## How to complete this task
In the answer, each entry below appears exactly as given, and no picture appears at all.

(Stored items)
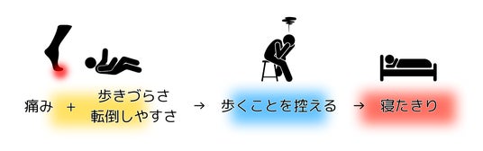 我々が歩くためには筋肉からの推進力を地面に伝える必要があり、そのためには足の指で地面をつかめなくてはなりません。しかし、足にトラブルや痛みがあるとうまく地面をつかむことはできなくなります。
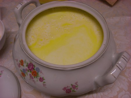 Cupim curado com espuma de cará e caldo de pimentão assado com feijão manteiguinha.
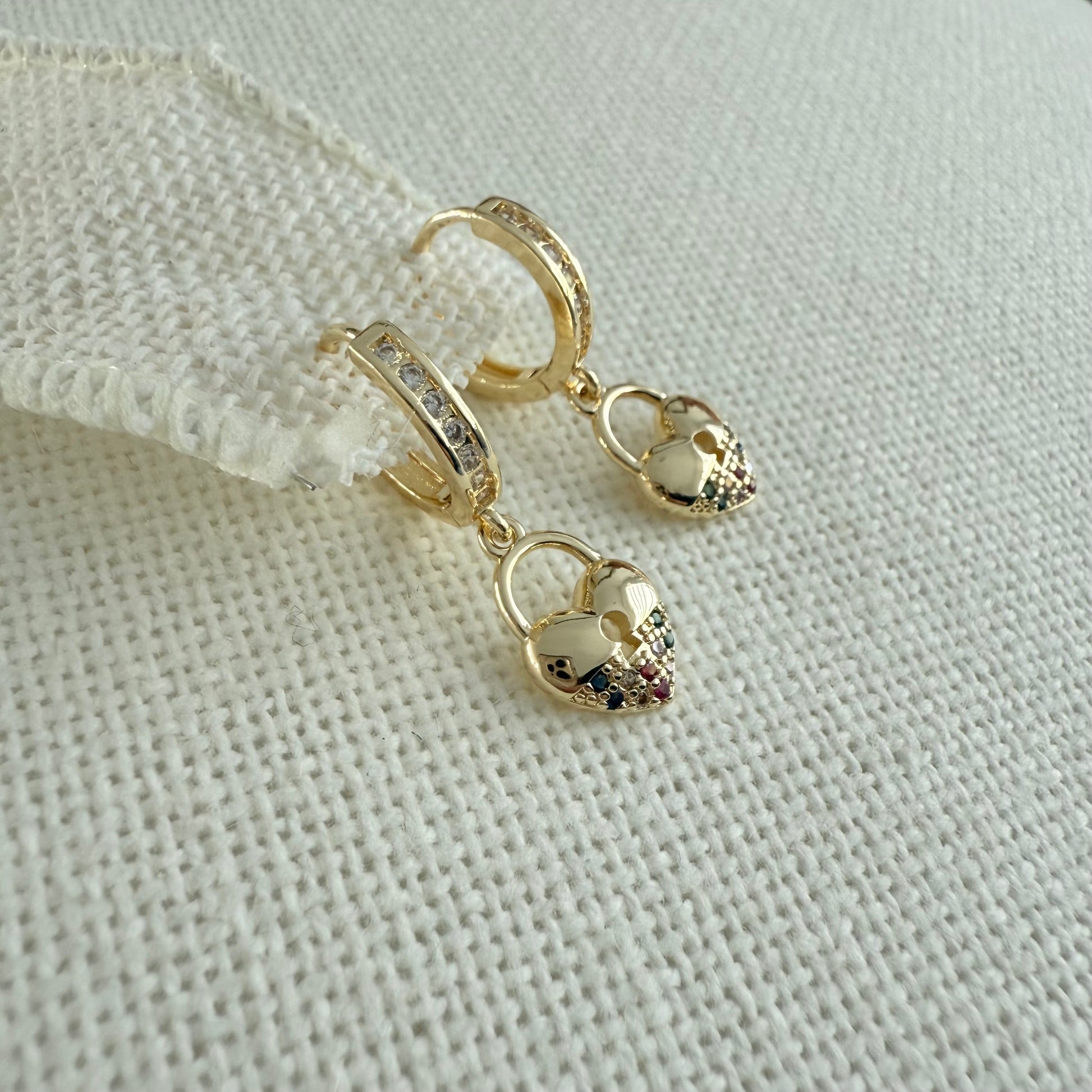 These charming 14K gold-filled earrings feature crystal-lined hoops with dainty heart pendants adorned with tiny multicolor crystals.
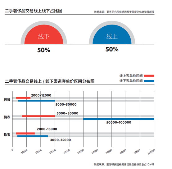 二手奢侈品在线上天然具有聚合分散市场、调度货源的优势,线上的发育度优于线下,目前中国二手奢侈品市场线上渗透率已经达到50%,远远高于一手市场17%的线上渗透率。30000元客单价是分水岭,30000元以下可以在线上线下同步发展,30000元以上只能通过体验感更强的线下渠道售卖。
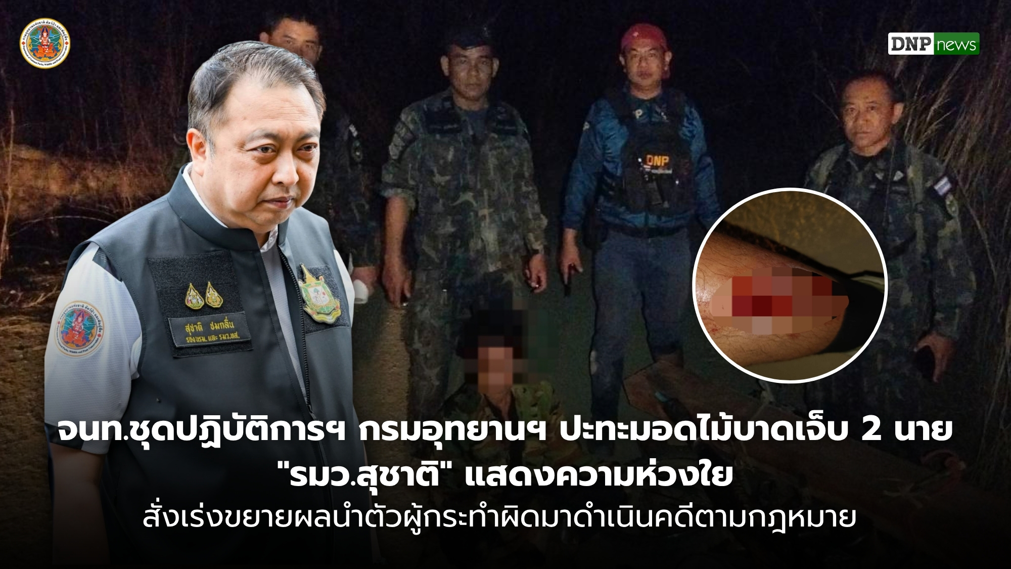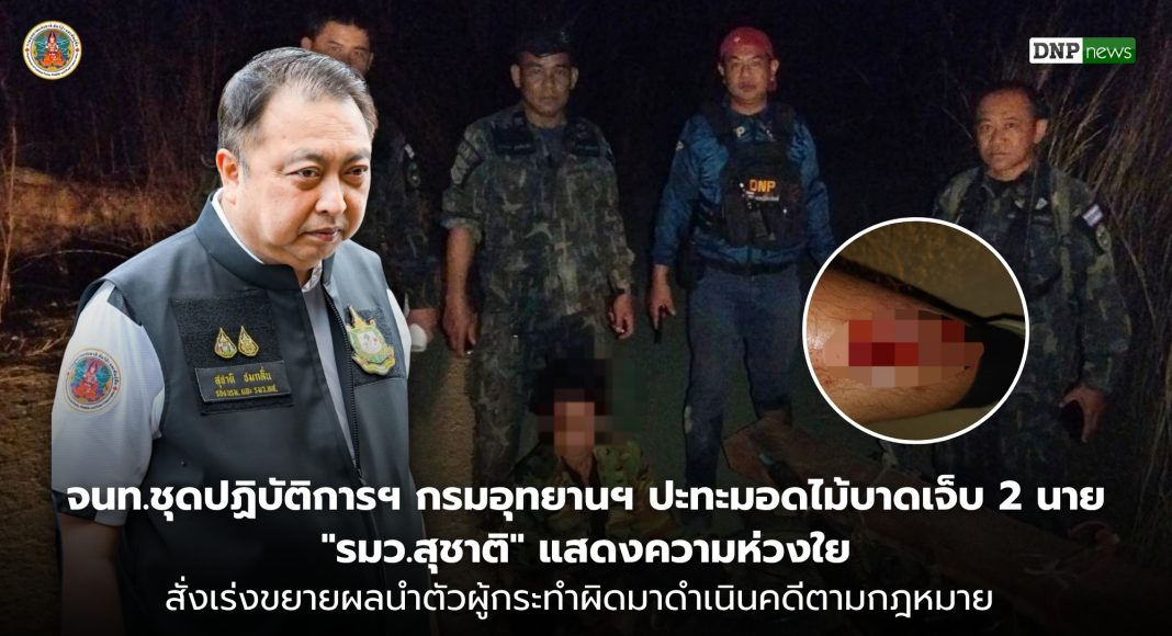 อธิบดีกรมอุทยานฯ กล่าวเพิ่มเติมว่า “ท่านรัฐมนตรีสุชาติ ชมกลิ่น ได้ฝากความห่วงใยมายังเจ้าหน้าที่ผู้ปฏิบัติงานทั้ง 2 นาย ขอให้ปลอดภัยและหายจากอาการบาดเจ็บโดยเร็ว และยังได้สั่งการให้ดูแลเรื่องสวัสดิการและการรักษาพยาบาลอย่างเต็มที่ พร้อมทั้งชื่นชมในความกล้าหาญที่ปฏิบัติหน้าที่ปกป้องทรัพยากรธรรมชาติอย่างเข้มแข็ง และได้สั่งการให้ประสานข้อมูลกับตำรวจ สภ.ปง เพื่อเร่งขยายผลติดตามตัวผู้ต้องหาที่หลบหนีมาดำเนินคดีตามกฎหมายให้ถึงที่สุด โดยย้ำว่าจะไม่มีการผ่อนปรนให้กับผู้ที่ทำร้ายเจ้าหน้าที่และทำลายทรัพยากรธรรมชาติอย่างเด็ดขาด”

## Answer
 我々が歩くためには筋肉からの推進力を地面に伝える必要があり、そのためには足の指で地面をつかめなくてはなりません。しかし、足にトラブルや痛みがあるとうまく地面をつかむことはできなくなります。
 Cupim curado com espuma de cará e caldo de pimentão assado com feijão manteiguinha.
 These charming 14K gold-filled earrings feature crystal-lined hoops with dainty heart pendants adorned with tiny multicolor crystals.
 二手奢侈品在线上天然具有聚合分散市场、调度货源的优势,线上的发育度优于线下,目前中国二手奢侈品市场线上渗透率已经达到50%,远远高于一手市场17%的线上渗透率。30000元客单价是分水岭,30000元以下可以在线上线下同步发展,30000元以上只能通过体验感更强的线下渠道售卖。
 อธิบดีกรมอุทยานฯ กล่าวเพิ่มเติมว่า “ท่านรัฐมนตรีสุชาติ ชมกลิ่น ได้ฝากความห่วงใยมายังเจ้าหน้าที่ผู้ปฏิบัติงานทั้ง 2 นาย ขอให้ปลอดภัยและหายจากอาการบาดเจ็บโดยเร็ว และยังได้สั่งการให้ดูแลเรื่องสวัสดิการและการรักษาพยาบาลอย่างเต็มที่ พร้อมทั้งชื่นชมในความกล้าหาญที่ปฏิบัติหน้าที่ปกป้องทรัพยากรธรรมชาติอย่างเข้มแข็ง และได้สั่งการให้ประสานข้อมูลกับตำรวจ สภ.ปง เพื่อเร่งขยายผลติดตามตัวผู้ต้องหาที่หลบหนีมาดำเนินคดีตามกฎหมายให้ถึงที่สุด โดยย้ำว่าจะไม่มีการผ่อนปรนให้กับผู้ที่ทำร้ายเจ้าหน้าที่และทำลายทรัพยากรธรรมชาติอย่างเด็ดขาด”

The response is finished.